17 Hij liet den koning der Chaldeën tegen hen oprukken, die hun jongemannen in het heiligdom met het zwaard doodstak en jongens spaarde noch meisjes, grijsaards noch hoogbejaarden: allen leverde Hij aan hem over.
Er ließ den König der Chaldäer wider sie anrücken und tötete ihre junge Mannschaft in ihrem Heiligtume mit dem Schwert; er verschonte weder Jüngling noch Jungfrau, noch Greis und Grauhaarige, - alles gab er in seine Gewalt.
18 Alle vaten uit het Godshuis, grote en kleine, alle schatten uit de tempel van Jahweh, alle schatten van den koning en zijn voormannen nam hij mee naar Babel.
Auch alle Geräte des Tempels Gottes, groß und klein, samt den Schätzen des Tempels Jahwes und den Schätzen des Königs und seiner obersten Beamten - alles brachte er nach Babel.
19 Zij lieten de tempel van God in vlammen opgaan, sloopten de muur van Jerusalem, en staken zijn paleizen in brand, zodat alle kostbaarheden verloren gingen.

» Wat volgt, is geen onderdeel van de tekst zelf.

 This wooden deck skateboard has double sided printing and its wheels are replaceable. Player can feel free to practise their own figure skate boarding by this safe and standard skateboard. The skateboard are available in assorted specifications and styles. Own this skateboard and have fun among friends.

Sie verbrannten den Tempel Gottes, rissen die Mauer Jerusalems nieder und äscherten alle seine Paläste ein, so daß alle die kostbaren Geräte darin zu Grunde gingen.

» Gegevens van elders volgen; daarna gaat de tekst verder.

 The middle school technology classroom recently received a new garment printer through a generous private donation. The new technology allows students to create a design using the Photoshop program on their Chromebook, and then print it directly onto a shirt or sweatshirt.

20 En wie aan het zwaard waren ontsnapt, voerde hij gevangen naar Babel, waar zij hem en zijn zonen als slaven moesten dienen, totdat het perzische rijk aan de macht kwam.
Und was dem Schwert entronnen war, führte er nach Babel in die Gefangenschaft, und sie wurden ihm und seinen Söhnen unterthan, bis das persische Reich zur Herrschaft kam,
21 Zo werd het woord van Jahweh vervuld, door de mond van Jeremias gesproken: Totdat het land zijn sabbatten heeft ingehaald, zal het al de tijd blijven liggen; het zal moeten rusten, totdat er zeventig jaren voorbij zijn.
damit das Wort Jahwes, das er durch den Mund Jeremias geredet, in Erfüllung ginge, “bis das Land seine Ruhezeiten ersetzt bekommen hatte; die ganze Zeit hindurch, in der es wüste lag, hatte es Ruhe”, bis siebzig Jahre voll waren.
22 In het eerste jaar van Cyrus, den koning van Perzië, bewoog Jahweh de geest van Cyrus, den koning van Perzië, om het woord in vervulling te doen gaan, dat Jahweh door de mond van Jeremias gesproken had. Daarom liet deze in heel zijn rijk mondeling en schriftelijk afkondigen:
Und im ersten Jahre des Cyrus, des Königs von Persien, - damit das durch den Mund Jeremias ergangene Wort Jahwes in Erfüllung ginge, gab Jahwe dem Cyrus, dem Könige von Persien, ein, daß er in seinem ganzen Königreich und zwar auch schriftlich, folgenden Befehl ergehen ließ:
23 Zo spreekt Cyrus, de koning van Perzië! Jahweh, de God des hemels, heeft mij alle koninkrijken der aarde gegeven. Hij is het, die mij bevolen heeft, Hem een tempel te bouwen in Jerusalem van Juda. Laat dus ieder van u, die tot zijn volk behoort, onder de schutse van zijn God optrekken!
So spricht Cyrus, der König von Persien: Alle Königreiche auf Erden hat mir Jahwe, der Gott des Himmels, übergeben und er hat mir befohlen, ihm zu Jerusalem in Juda einen Tempel zu erbauen. Wer irgend unter euch zu seinem Volke gehört, mit dem sei sein Gott, und er ziehe hinauf.